A vehicle lender based in red Deer Alberta. Although a national brand, they tend to be more skewed towards the prairies. They are in the C lending category, which is not quite as risky as the D. Nonetheless, a lot of their vehicle lenders are in Alberta, Saskatchewan and Manitoba. The fear of the market is that if, for some reason, people start losing their jobs and can’t meet their car payments, it would be vulnerable. There is some truth to this, so he would rate this as a Hold, not a Buy. Once oil steadies and bottoms at $55-$60, this is an interesting, non-resource stock that is an attractive play on Western Canada.
(A Top Pick June 24/14. Down 70.99%. My records do not show Jason being on BNN on that day, so I am using the figures that BNN is showing.) He didn’t see the drop in oil coming, and this one is really focused in Western Canada with a really large exposure to Alberta. Trimmed a little at around $4, but is going to ride the rest of it out. This is now a Hold.
(A Top Pick June 19/14. Down 48.71%.) Everything was great until the oil/gas problems came along. People were quite concerned that they were sitting on a bit of a disaster, but when things started to go last autumn, you just couldn’t get out. Came out with their 3rd quarter results, which weren’t actually too bad. He had been contemplating having this as a Top pick. Trading at about 8X earnings and growing at 25% a year. Good management team.
Most recent quarter was a great one. ROE was 28%. With all the stuff that is happening in the marketplace right now, there are a lot of concerns about Alberta specifically, and you also have a lot of concerns about financials.
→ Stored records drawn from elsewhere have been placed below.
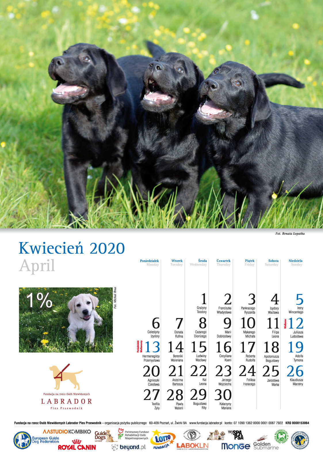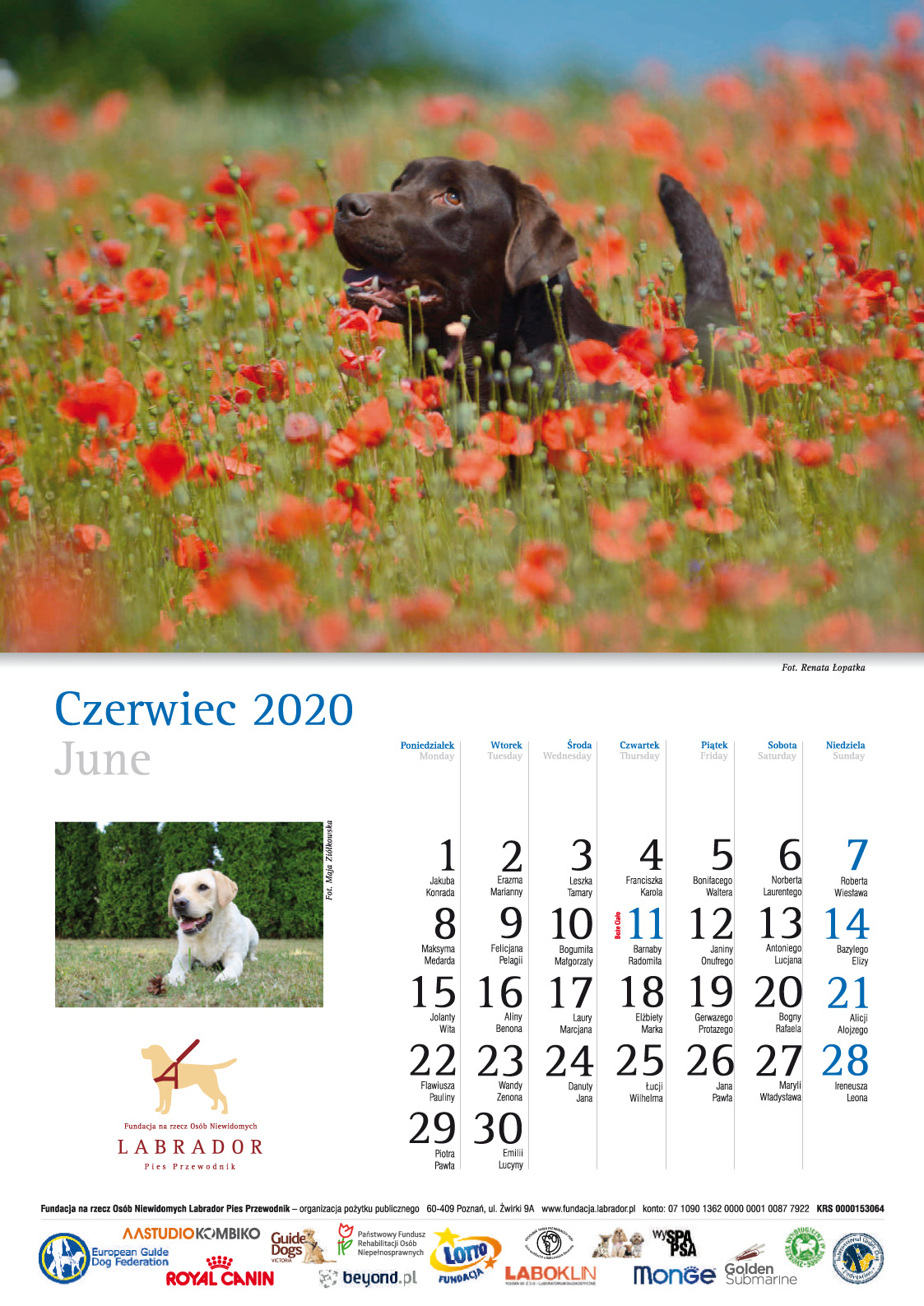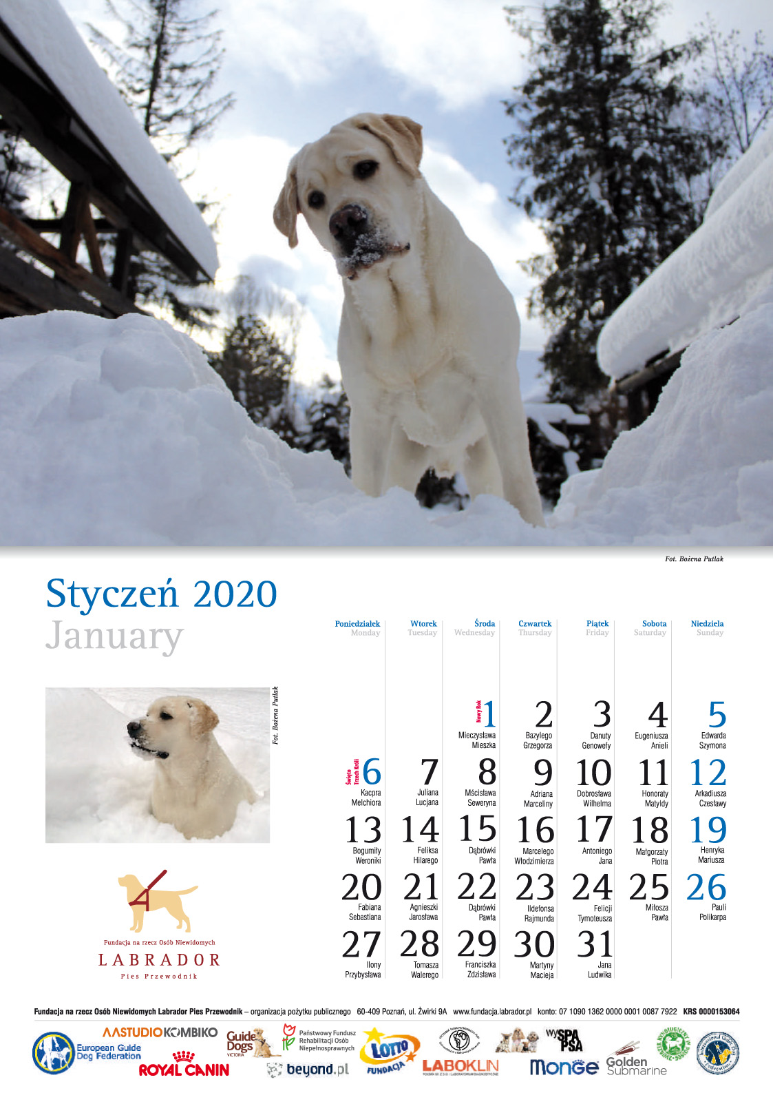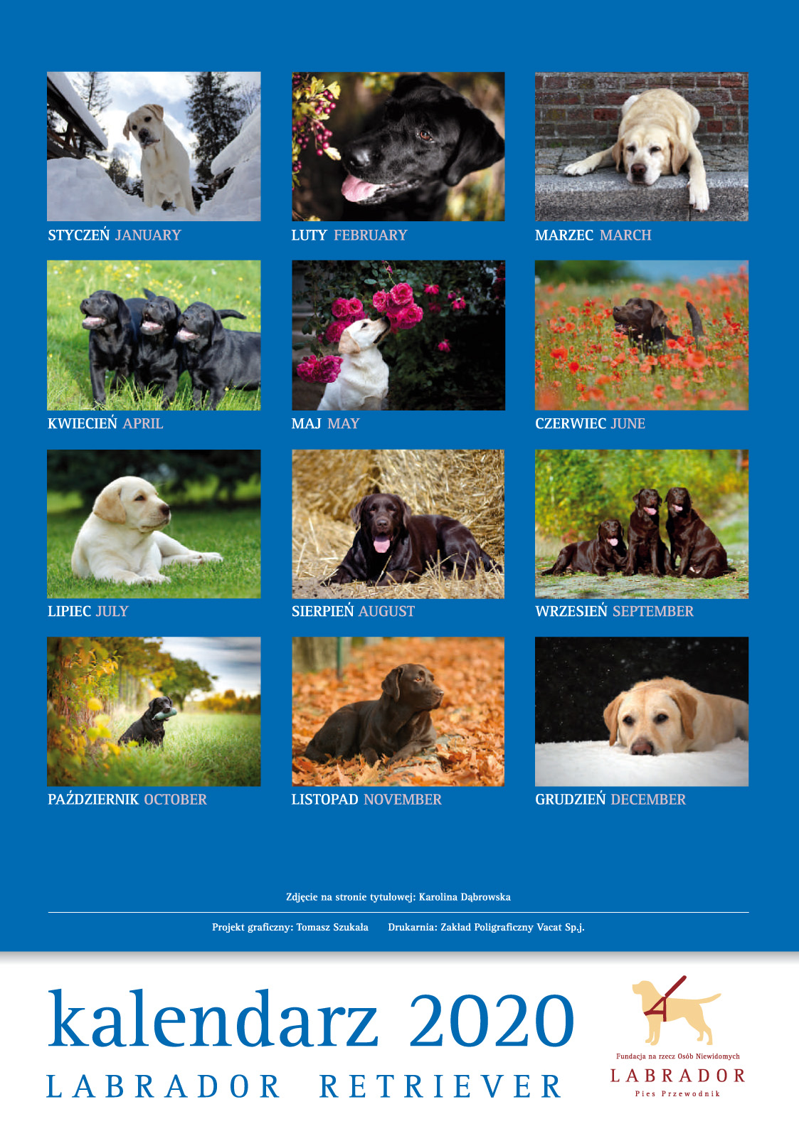 Na zakończenie tradycyjnie już dziękujemy Autorom zdjęć. Dziękujemy również wszystkim darczyńcom, którzy w różnych formach wspierali Fundację. Pragniemy zapewnić, iż zarówno darowizny jaki i dochód ze sprzedaży Kalendarza zostaną wykorzystane zgodnie z ich przeznaczeniem czyli na realizację celu statutowego Fundacji Labrador Pies Przewodnik.
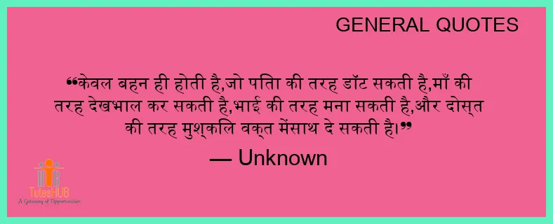 केवल बहन ही होती है,जो पिता की तरह डॉट सकती है,माँ की तरह देखभाल कर सकती है,भाई की तरह मना सकती है,और दोस्त की तरह मुश्किल वक्त मेंसाथ दे सकती है।
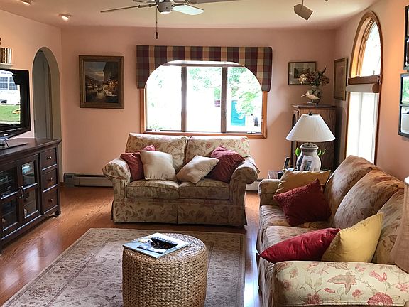 Beautiful, renovated and expanded Cape on tree-lined street in great neighborhood! Large LR w/ gorgeous windows and hardwood floors open to large bedroom with frosted privacy doors; dual entry bathrm (BR/hall); and opens to Sunroom; DR with bow window opens to modern eat-in kitchen with center island with breakfast bar; sliding glass door to deck. Dormered second floor with two large bedrooms and TB/SOT. Recreation Room, laundry and workshop in lower level. Close to elementary school; bus to middle school; close to county park and NY bus transportation. This is a must see home!
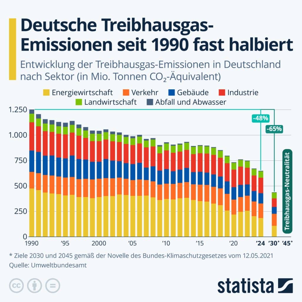 Der Ausstoß von Treibhausgasen geht in Deutschland seit Jahrzehnten zurück. Seit 1990 konnten die Emissionen von 1.252 Millionen Tonnen CO₂-Äquivalent im Jahr auf zuletzt 649 Millionen Tonnen reduziert werden – ein Rückgang von 48 Prozent. Bis 2030 sollen laut Klimaschutzgesetz eine Reduktion um 65 Prozent erfolgen. Dieses Ziel ist noch erreichbar, würde nach den jüngsten Projektionen jedoch knapp verfehlt werden. Bis zum Jahr 2045 will Deutschland vollständige Treibhausgas-Neutralität (Net Zero) erreichen, was nach aktuellem Stand deutlich schwerer zu realisieren sein wird.
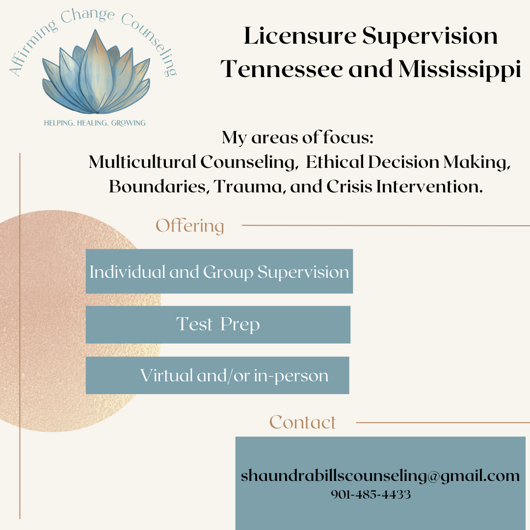Licensure Supervision is offered by Shaundra Hardaway, for those seeking LPC-MHSP licensure in Tennessee. or their LPC licenses in Mississippi. Supervision includes individual and group supervision as well as test prep for supervisees who are preparing to take their licensing exams.
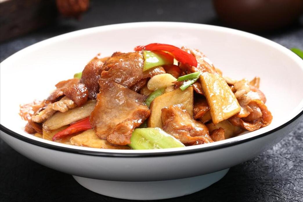 用到:杏鮑菇、五花肉、澱粉、姜蒜、杭椒、生抽、鹽、味精、料酒、食用油
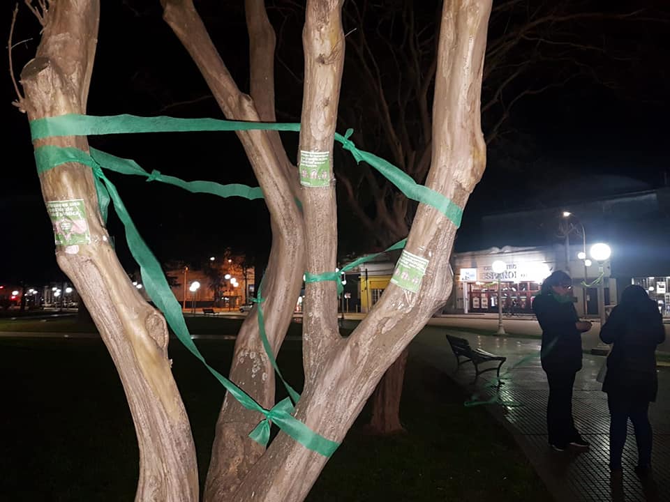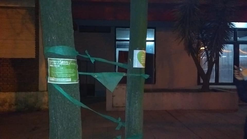 Con motivo del debate que comenzará hoy en el Senado de la Nación con respecto a la Ley de despenalización del aborto, en varios puntos de la ciudad se pudieron ver pañuelos verdes colgados en apoyo a la aprobación de la Ley.
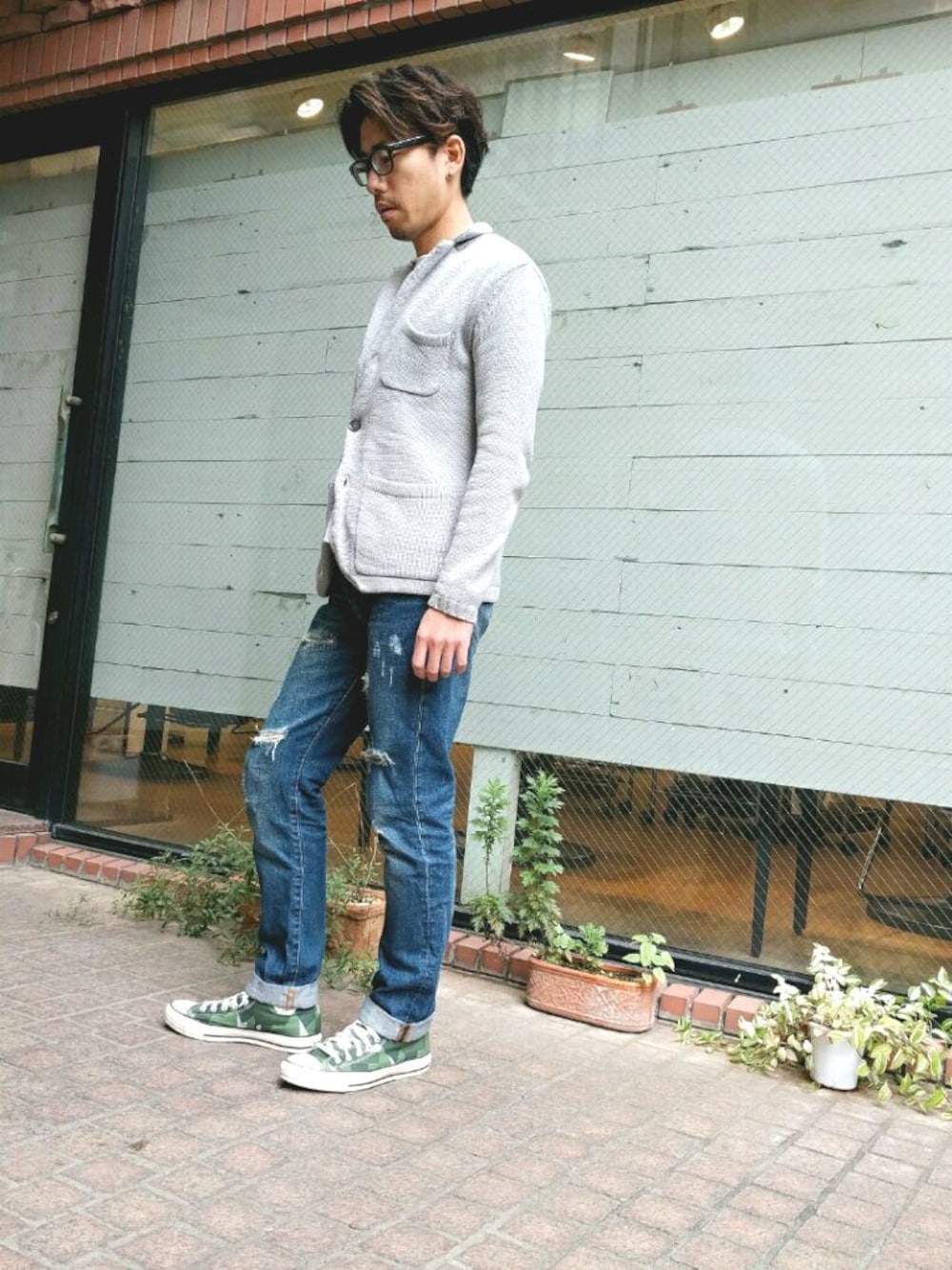今日はニットジャケットで冬っぽく。 だけど冬じゃないのでダメージデニムでさわやかさも取り入れてます。 色味が少ないコーデなのでカモフラ柄のコンバースでさし色にしてまっせー! ってな感じで今日も仕事頑張ります!
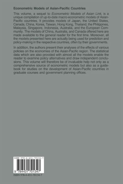 This book is a sequel to our first report of ASIAN LINK PROJECT in 1985: Econometric Models of Asian LINK, Springer-Verlag, Tokyo - Berlin - New York. Now the scope is expanded to Asian-Pacific Countries in coverage, so that this monograph presents the econometric models of Japan, the United States, Canada, China, Korea, Taiwan, Hong Kong, Thailand, the Philippines, Malaysia, Singa pore, Indonesia, Australia and the European Community. We are particularly happy to have included the excellent models of Australia and Canada whose economies are essential parts of the Asian-Pacific Economic Community. Most of those models were presented at the Workshop of Asian Link Project held in Bandung, Indonesia at the time of the Second Convention of the East Asian Eco nomic Association, 1990. Those models have been up-dated since then, and several other important models were added. Unlike our previous book, we have not tried here to link these national models as a regional or global model in any way, ex cept for the model by S. Kinoshita which offers a regional linkage for Pacific-basin economies by linking the US, Japan, Canada, the European Community coun tries as a group, Asian NIEs (Korea, Hong Kong, Taiwan), ASEAN (Indonesia, Malaysia, the Philippines, Singapore) and East Asian economies. As we argued in our previous publication, we tried to publish these econometric models again with the statistical data as much as we could, so as to enable the reader examine the estimation and performance of the models by himself.
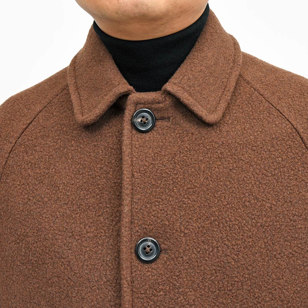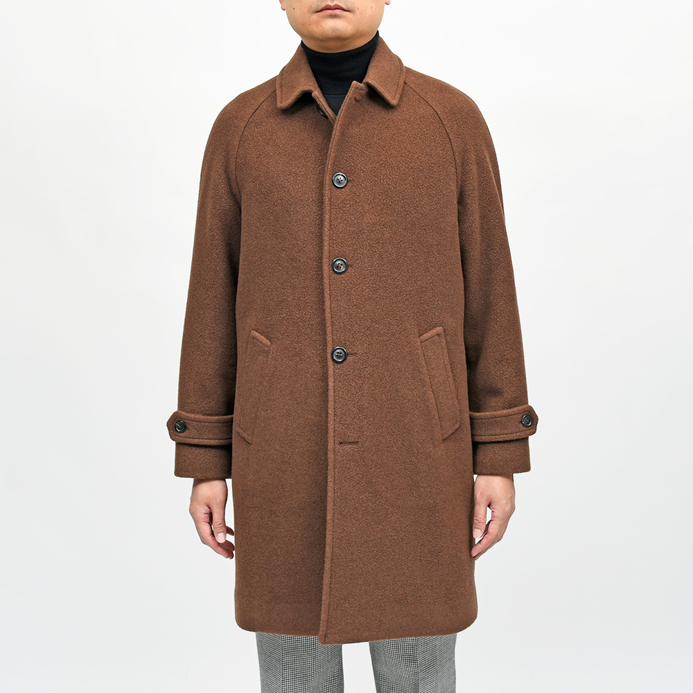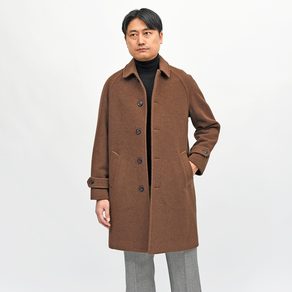 ウール×カシミヤ素材を使用したラグランスリーブコートは、仄かなメランジ感に凹凸のある表情が特徴的。また、5つボタンのステンカラーコートは、オンでもオフでも着回せる汎用性あるデザインです。一見するとしっかりとした仕立てですが、ジャージー特有のストレスフリーな着心地ですので、一着あると非常に便利なアイテムと言えます。
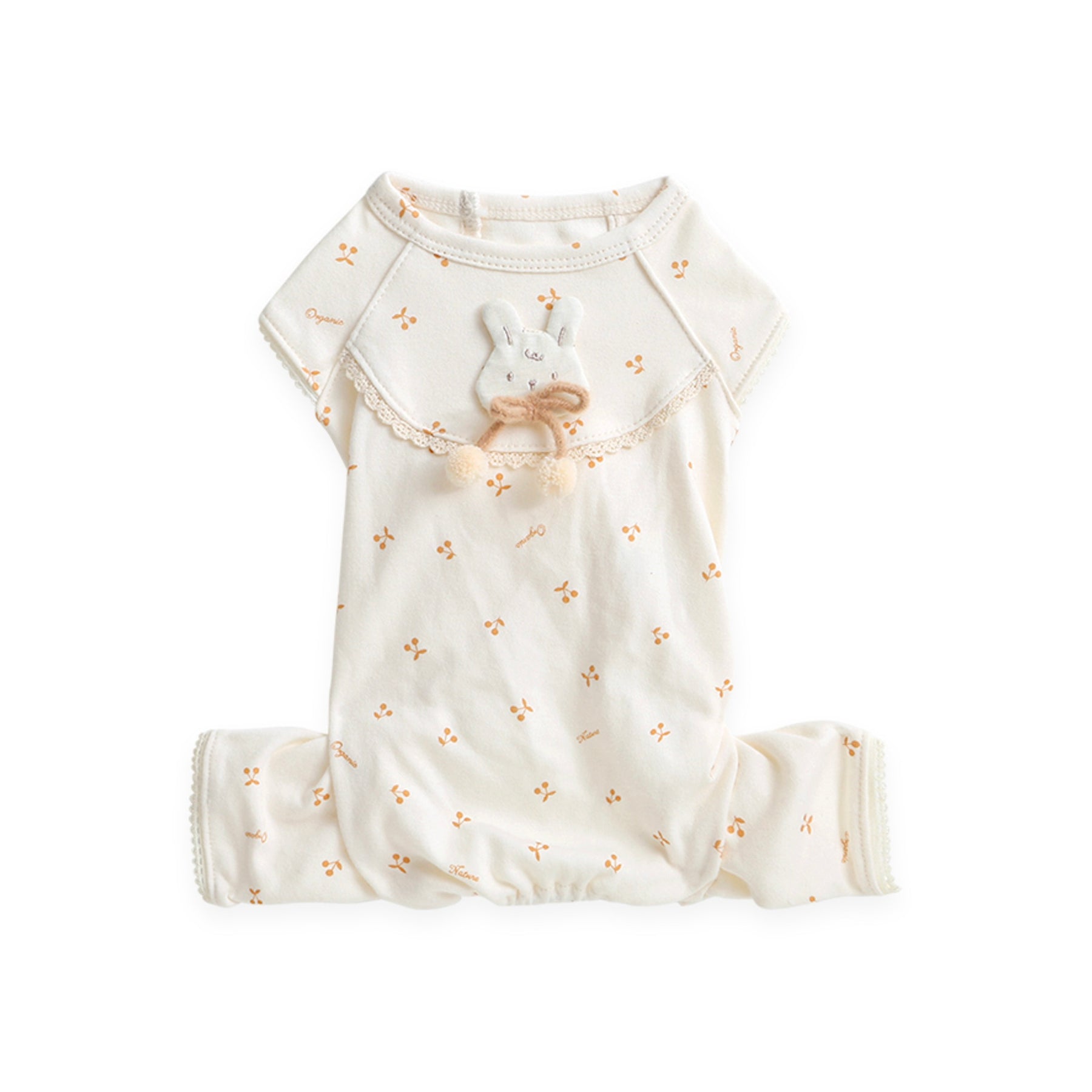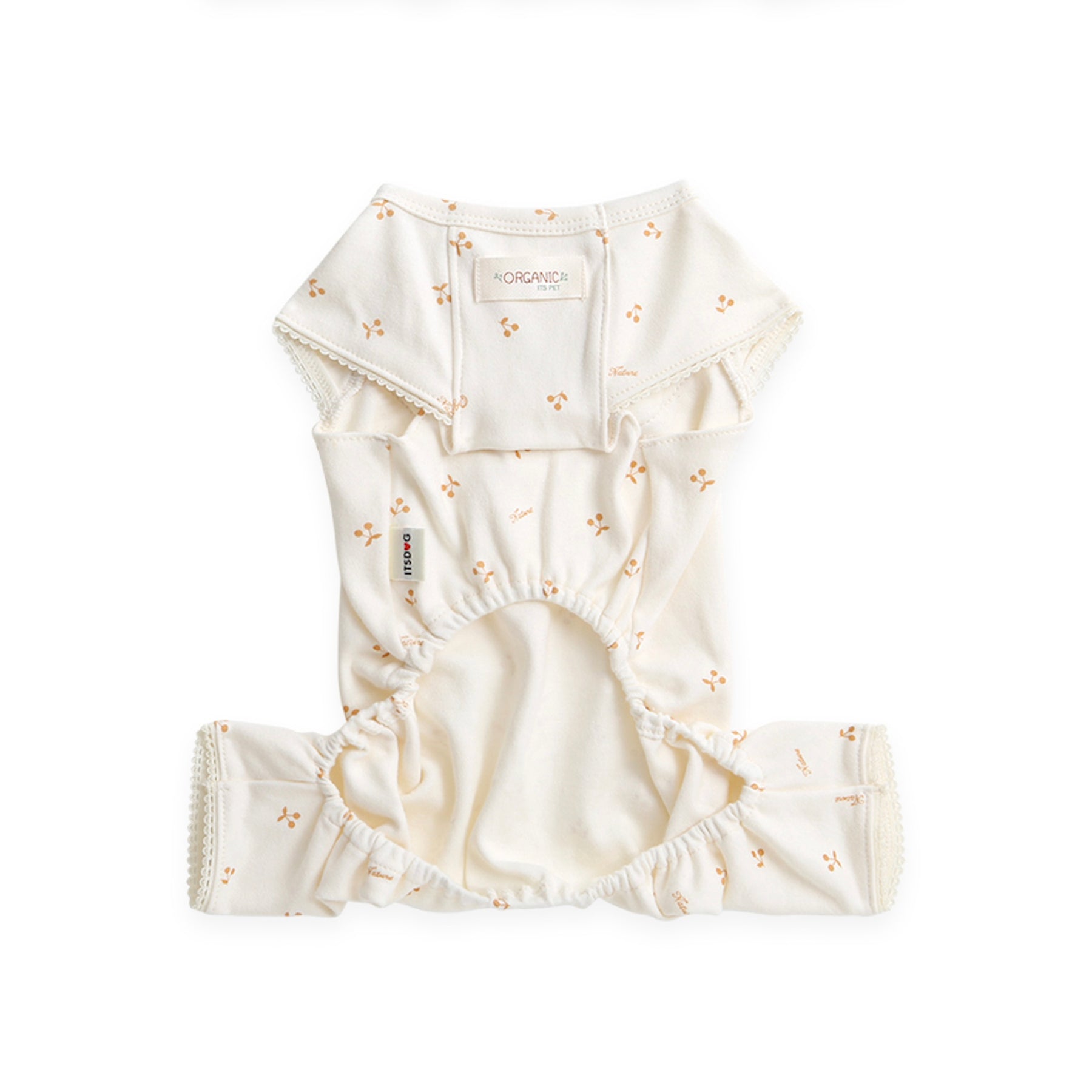 愛犬たちの大切な肌のために、オーガニック綿100%生地を使用した生地でできたオールインワンは、さくらんぼの可愛らしい総柄プリントに、背中についた立体的なワッペンと紐ディテールが愛らしいデザイン。

Thinks they put in a great quarter. To be a buyer of the stock, he has to see oil find its bottom. Once they got that stability and he sees another quarter or 2, this will be fine. Probably in Q1 or Q2 of 2016 he’ll begin to add to his position again. A very well-managed company.
Alternative financing field for cars. Stocks that are really hot and have moved a long way are really out of his purvey. Doesn’t like their balance sheet. There is so much money in accounts receivable and on the liability side and securitization. Doesn’t see any cash.